Use of the word “recommend” in this Charter means recommend for discussion with and approval by the full Board of Directors of Clean Harbors, Inc. The term “executive officer” shall have the definition provided in Rule 405 under the Securities Act of 1933, and, for the purposes of this Charter, means the chief executive officer, president, any vice president in charge of a principal business unit, division or function (such as sales, administration or finance), whether employed by the Company or any of its subsidiaries.
Membership and Operation
The members of the Committee and its chair shall be nominated by the Company’s Corporate Governance Committee and appointed by the Board. The Committee will be composed of at least three members of the Board, each of whom shall be an “independent director” within the meaning of the listing requirements of the New York Stock Exchange (the “NYSE”) and a “non-employee director” within the meaning of Rule 16b-3 of the Securities Exchange Act. Terms of membership on the Committee shall be indeterminate, but individual memberships will be reviewed at three-year intervals by the Corporate Governance Committee, or more frequently when appropriate. The Committee shall meet periodically, usually in close proximity to a regularly scheduled meeting of the Board. To the extent permitted by applicable laws, the Committee may delegate to a subsidiary committee of one or more members, or to one or more executive officers of the Company, the authority, within guidelines established by the Committee, to approve equity compensations awards, under established equity plans, to employees of the Company other than executive officers.

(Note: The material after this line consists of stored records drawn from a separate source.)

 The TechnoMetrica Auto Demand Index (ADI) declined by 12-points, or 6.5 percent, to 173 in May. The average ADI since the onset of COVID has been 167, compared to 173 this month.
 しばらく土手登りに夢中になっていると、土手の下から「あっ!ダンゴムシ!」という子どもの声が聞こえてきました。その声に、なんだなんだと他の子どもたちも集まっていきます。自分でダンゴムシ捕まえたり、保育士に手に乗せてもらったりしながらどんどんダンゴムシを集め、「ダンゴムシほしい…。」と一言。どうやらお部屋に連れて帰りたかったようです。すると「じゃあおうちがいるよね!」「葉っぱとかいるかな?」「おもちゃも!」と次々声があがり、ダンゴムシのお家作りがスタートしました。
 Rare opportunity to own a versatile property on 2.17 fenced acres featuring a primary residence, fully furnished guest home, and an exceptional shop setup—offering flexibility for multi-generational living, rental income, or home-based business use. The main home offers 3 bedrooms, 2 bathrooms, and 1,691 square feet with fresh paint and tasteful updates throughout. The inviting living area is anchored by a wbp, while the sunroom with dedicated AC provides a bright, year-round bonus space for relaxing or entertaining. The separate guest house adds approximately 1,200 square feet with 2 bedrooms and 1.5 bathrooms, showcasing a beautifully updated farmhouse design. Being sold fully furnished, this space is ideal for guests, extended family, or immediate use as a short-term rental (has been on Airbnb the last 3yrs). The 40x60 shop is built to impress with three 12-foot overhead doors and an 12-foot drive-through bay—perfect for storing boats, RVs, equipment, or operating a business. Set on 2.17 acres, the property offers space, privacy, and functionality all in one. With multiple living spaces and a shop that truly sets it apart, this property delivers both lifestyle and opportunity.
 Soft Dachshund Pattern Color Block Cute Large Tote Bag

Duties and Responsibilities
The Committee shall have the following responsibilities and authority:
a. Review and approve the corporate goals and objectives applicable to the compensation of the Chief Executive Officer (“CEO”), evaluate at least annually the CEO’s performance in light of those goals and objectives, and determine and approve the CEO’s compensation level based on this evaluation. The CEO may not be present during deliberations or voting on his or her compensation.

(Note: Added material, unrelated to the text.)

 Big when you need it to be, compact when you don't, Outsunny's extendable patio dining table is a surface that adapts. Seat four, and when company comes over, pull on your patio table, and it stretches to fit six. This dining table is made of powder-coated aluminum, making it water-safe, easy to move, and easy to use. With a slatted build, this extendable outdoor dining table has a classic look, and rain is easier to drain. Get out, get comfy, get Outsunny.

- Review and approve the total compensation of all other executive officers.
- Review and, where appropriate, make recommendations to the Board regarding incentive compensation plans and equity based plans that are subject to Board approval.
- In reviewing and making recommendations for compensation of the CEO and the other executive officers, or in making recommendations to the Board regarding incentive plans, the Committee shall consider the results of the most recent “say on pay” shareholder vote required by Section 14A of the Exchange Act.
- Approve the grant of awards under and administer and interpret the Company’s executive compensation and equity incentive plans.
- Review with management and approve and approve the Compensation Discussion and Analysis report to be contained in the Company’s annual report on Form 10- K or annual proxy statement.
- Review the Committee’s Charter every two years, or more frequently if necessary, and recommend any changes to the Corporate Governance Committee and the Board.
- Report a summary of its meetings to the Board at its next regularly scheduled meeting following a meeting of the Committee.
- Review the Committee's performance annually and report the results to the full Board.
Use of Outside Assistance
The Committee may, in its sole discretion, retain or obtain the advice of a compensation consultant, independent legal counsel or other adviser, and is directly responsible for the appointment, compensation and oversight of that adviser’s work. Before selecting any such adviser, the Committee shall take into consideration such factors relevant to the independence from management of such adviser as are identified from time to time in the rules and regulations of the SEC and the listing standards of the NYSE. Subject to the previous sentence, the Committee is not precluded from obtaining advice and assistance from advisers of its choosing, including ones that are not independent. The Committee shall have unrestricted access to management.